== Data supplied ==
—————
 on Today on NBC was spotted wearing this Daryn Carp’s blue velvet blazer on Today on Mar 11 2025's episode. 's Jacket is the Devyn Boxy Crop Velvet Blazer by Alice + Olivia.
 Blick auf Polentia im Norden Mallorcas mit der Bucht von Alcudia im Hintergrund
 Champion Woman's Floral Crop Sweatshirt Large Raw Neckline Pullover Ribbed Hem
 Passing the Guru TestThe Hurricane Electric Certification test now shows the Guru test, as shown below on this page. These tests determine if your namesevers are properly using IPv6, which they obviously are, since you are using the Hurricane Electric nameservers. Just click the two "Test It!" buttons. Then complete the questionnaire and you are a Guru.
—————
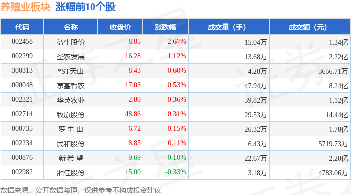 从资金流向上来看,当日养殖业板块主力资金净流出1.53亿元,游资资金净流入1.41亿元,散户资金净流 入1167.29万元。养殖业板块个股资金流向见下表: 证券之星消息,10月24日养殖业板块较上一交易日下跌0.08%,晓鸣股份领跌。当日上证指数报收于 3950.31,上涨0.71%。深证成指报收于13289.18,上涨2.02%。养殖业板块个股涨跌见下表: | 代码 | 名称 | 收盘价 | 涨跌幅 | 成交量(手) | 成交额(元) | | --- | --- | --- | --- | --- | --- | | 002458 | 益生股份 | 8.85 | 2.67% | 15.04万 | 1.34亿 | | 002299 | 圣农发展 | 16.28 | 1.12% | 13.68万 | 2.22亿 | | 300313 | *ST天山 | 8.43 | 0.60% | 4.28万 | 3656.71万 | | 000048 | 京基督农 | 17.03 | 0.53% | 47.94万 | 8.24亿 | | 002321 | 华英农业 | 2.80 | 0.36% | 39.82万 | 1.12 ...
—————
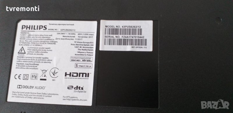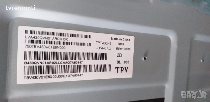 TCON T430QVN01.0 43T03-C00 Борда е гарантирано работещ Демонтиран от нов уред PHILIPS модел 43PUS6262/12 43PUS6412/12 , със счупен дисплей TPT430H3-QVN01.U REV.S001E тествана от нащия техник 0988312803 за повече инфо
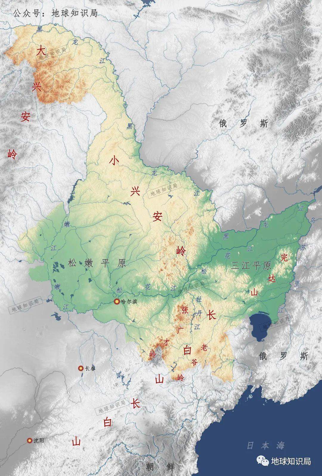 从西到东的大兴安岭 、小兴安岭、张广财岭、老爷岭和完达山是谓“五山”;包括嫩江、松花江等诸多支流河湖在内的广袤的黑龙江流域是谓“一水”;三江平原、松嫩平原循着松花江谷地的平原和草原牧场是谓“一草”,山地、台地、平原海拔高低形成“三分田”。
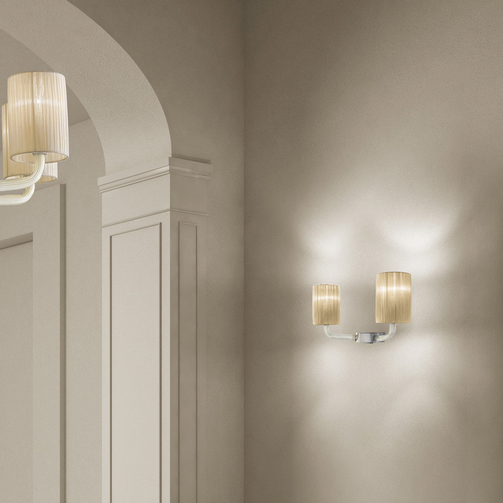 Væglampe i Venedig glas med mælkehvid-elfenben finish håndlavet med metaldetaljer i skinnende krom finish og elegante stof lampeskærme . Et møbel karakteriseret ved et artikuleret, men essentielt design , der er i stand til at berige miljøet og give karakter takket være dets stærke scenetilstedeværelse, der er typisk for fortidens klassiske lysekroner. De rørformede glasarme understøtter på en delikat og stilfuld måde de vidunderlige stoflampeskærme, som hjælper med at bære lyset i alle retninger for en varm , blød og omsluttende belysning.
—————
== Problem statement ==
Return only the stretch of the material above from the line holding "on Today on NBC" through the line holding "Champion Woman's Floral", copied exactly.

== Exercise solution ==
 on Today on NBC was spotted wearing this Daryn Carp’s blue velvet blazer on Today on Mar 11 2025's episode. 's Jacket is the Devyn Boxy Crop Velvet Blazer by Alice + Olivia.
 Blick auf Polentia im Norden Mallorcas mit der Bucht von Alcudia im Hintergrund
 Champion Woman's Floral Crop Sweatshirt Large Raw Neckline Pullover Ribbed Hem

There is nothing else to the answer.